Premesso che già oggi molte leggi regionali sul governo del territorio, seppure con modalità di attuazione differenti, sono fondate sul principio del contenimento del consumo del suolo, nel futuro si aprirà una nuova stagione di leggi regionali e di piani territoriali ed urbanistici che dovranno adeguarsi ai principi del disegno di legge.

Articolo 2 – Definizioni
Le definizioni sono finalizzate all’applicazione della nuova legge e avranno necessariamente un valore di riferimento per tutte le leggi regionali ed i piani che verranno approvati successivamente all’entrata in vigore della legge.
Consumo del suolo
Il consumo del suolo è “l’incremento annuale netto della superfice agricola, naturale e seminaturale soggetta a interventi di impermeabilizzazione” e si specifica che “il calcolo del consumo di suolo netto si intende ricavato dal bilancio tra superfici agricole, naturali e semi-naturali in cui si è verificata l’impermeabilizzazione e superfici impermeabilizzate in cui sia stata rimossa l’impermeabilizzazione”.

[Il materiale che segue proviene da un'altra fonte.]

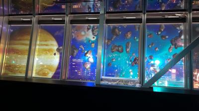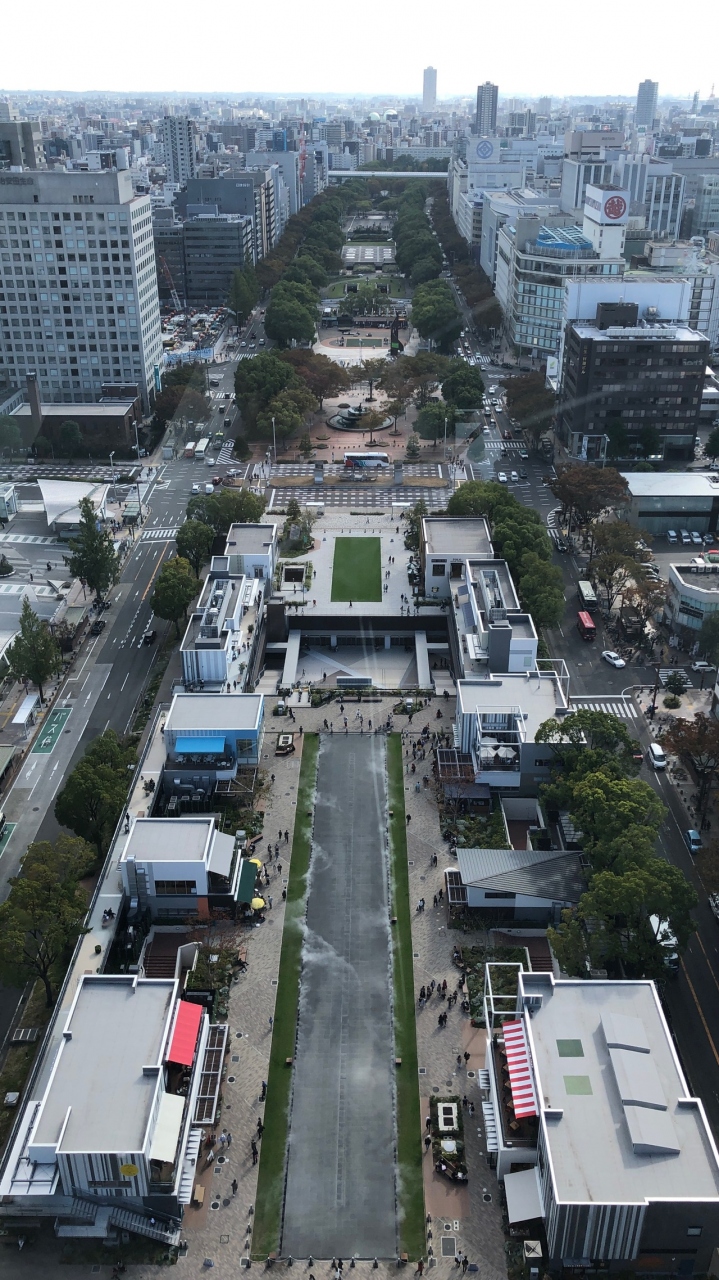 栄にある展望タワーです。リニューアル後、中部電力ミライタワーという名前に変わりました。タワー内に、おしゃれなホテルやカフェもできました。2021年10月は、夜間に、展望フロアでプロジェクションマッピングも行われていました。
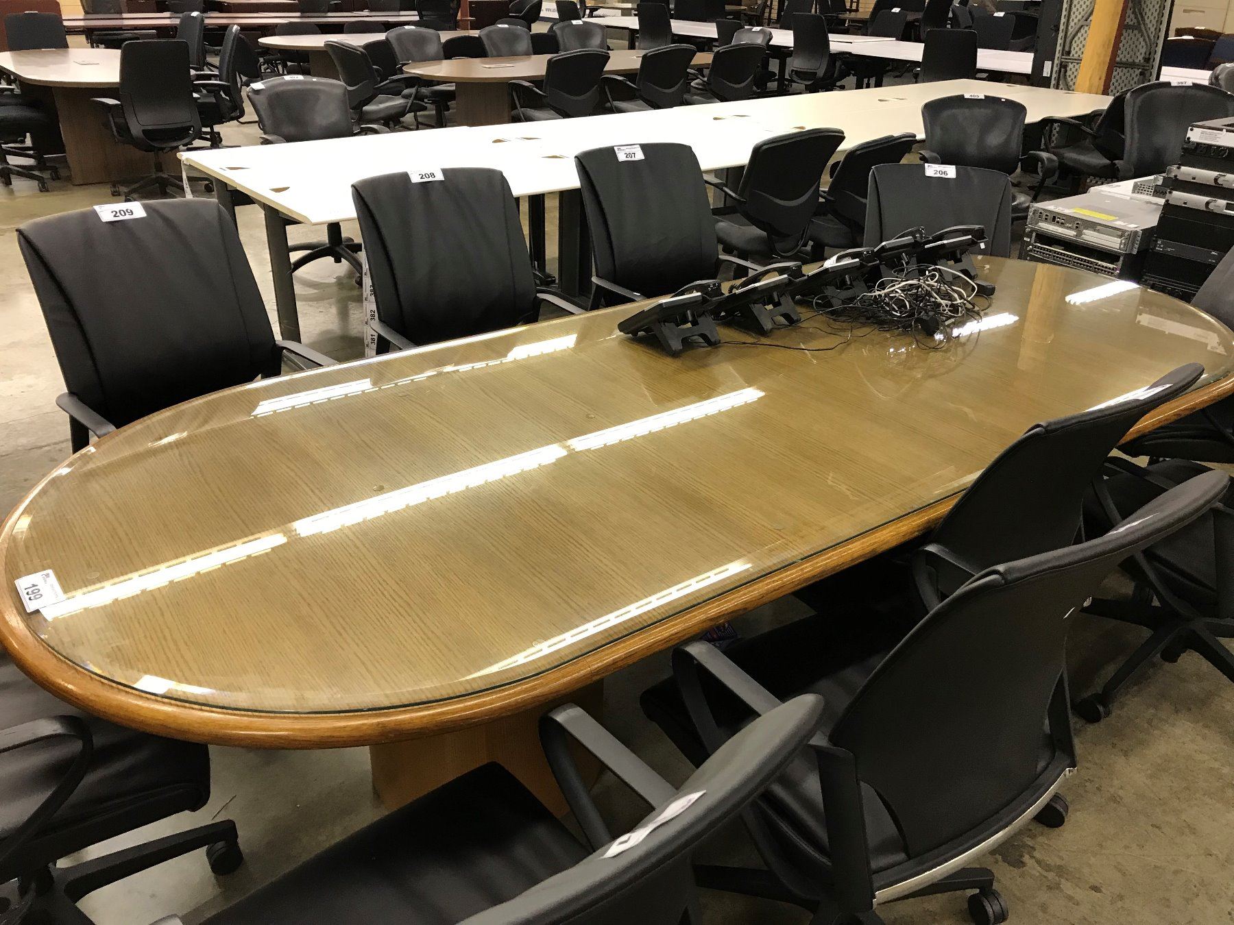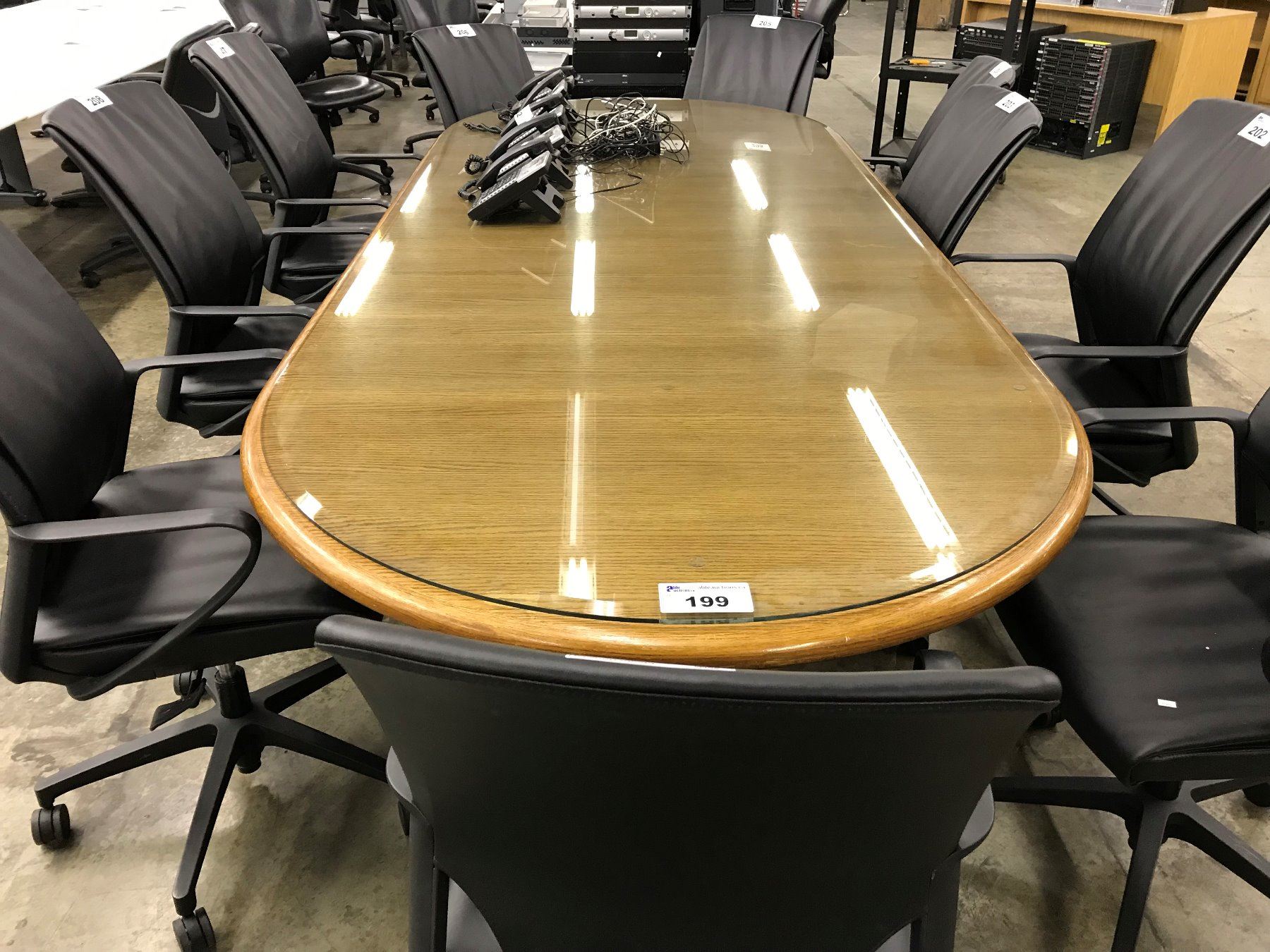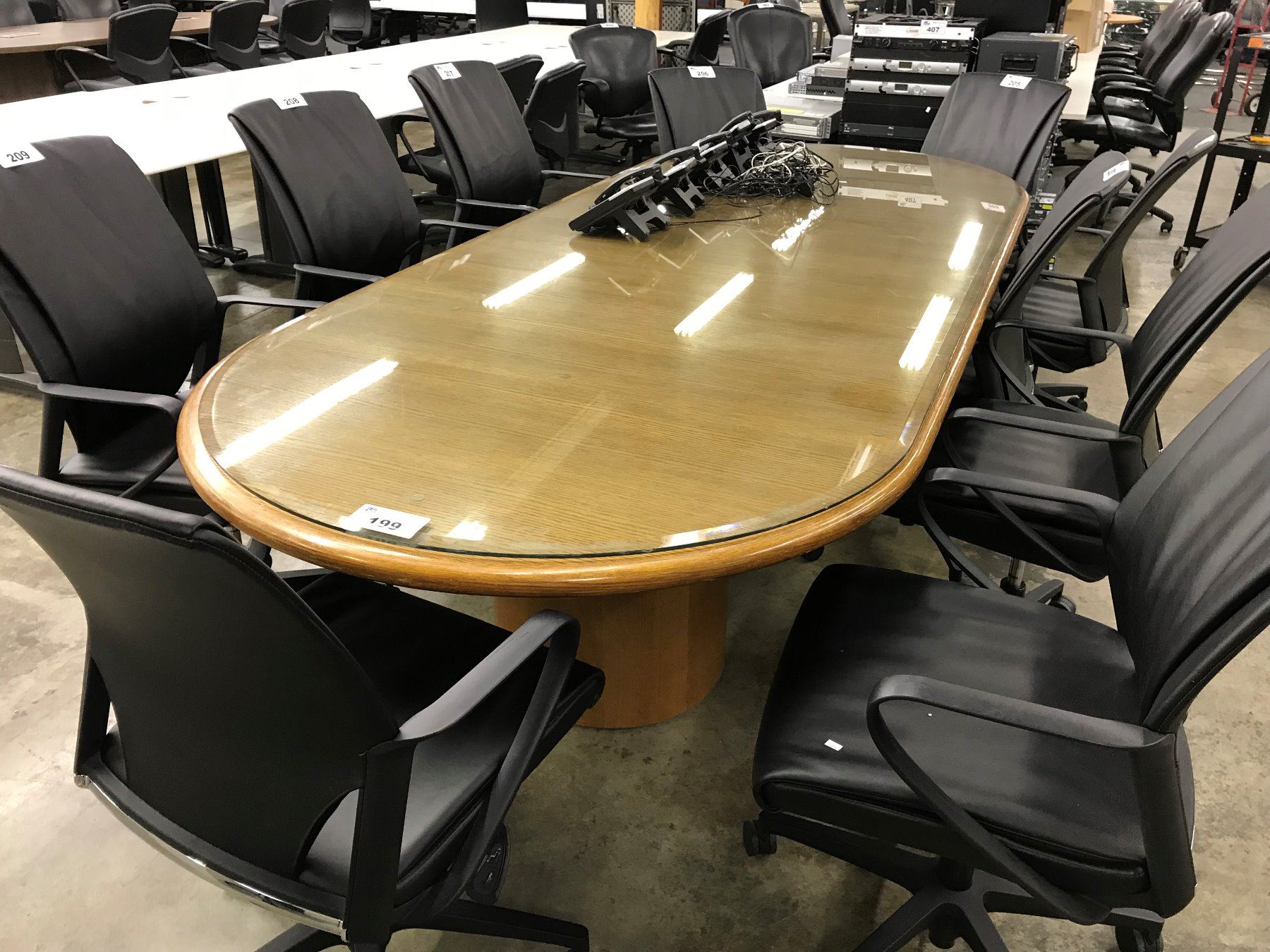 MEDIUM OAK 10' GLASS TOP RACETRACK BOARDROOM TABLE
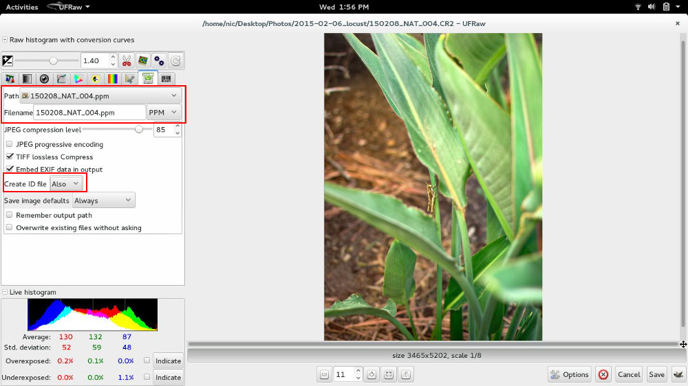 I’ve also been making sure that for the Create ID File, ALSO is selected, this creates a .ufraw file that UFRaw can read and your adjustments for this image are saved so that you can adjust them if needed (or just to remember what you did).

Rispetto al testo originario del DDL C/2039 la definizione appare molto migliorata sotto diversi aspetti perché si sono prese a riferimento le indicazioni comunitarie e cioè:
– è stato inserito il principio per cui il calcolo deve riferirsi al consumo di suolo “netto” che si ricava dal bilancio tra superfici agricole, naturali e semi-naturali in cui si è verificata l’impermeabilizzazione e le superfici in cui è stata rimossa la precedente impermeabilizzazione (vedi la Comunicazione della Commissione UE “Tabella di Marcia verso un’Europa efficiente nell’impiego delle risorse” 20.9.2011 COM(2011) 571, dove entro il 2020 le politiche comunitarie dovranno tenere conto dei loro impatti diretti ed indiretti 5 sull’uso del territorio e il trend del consumo di suolo dovrà raggiungere l’obiettivo del consumo netto di suolo pari a zero nel 2050);
– è stato recepito il concetto di impermeabilizzazione (vedi Documento di lavoro della Commissione Europea 15.5.2012 SWD (2012) 101, contenente “Orientamenti in materia di buone pratiche per limitare, mitigare e compensare l’impermeabilizzazione del suolo”, finalizzato a fornire informazioni sul livello di impermeabilizzazione del suolo nell’Unione Europea ed esempi di buone pratiche per limitare, mitigare e compensare l’impermeabilizzazione del suolo).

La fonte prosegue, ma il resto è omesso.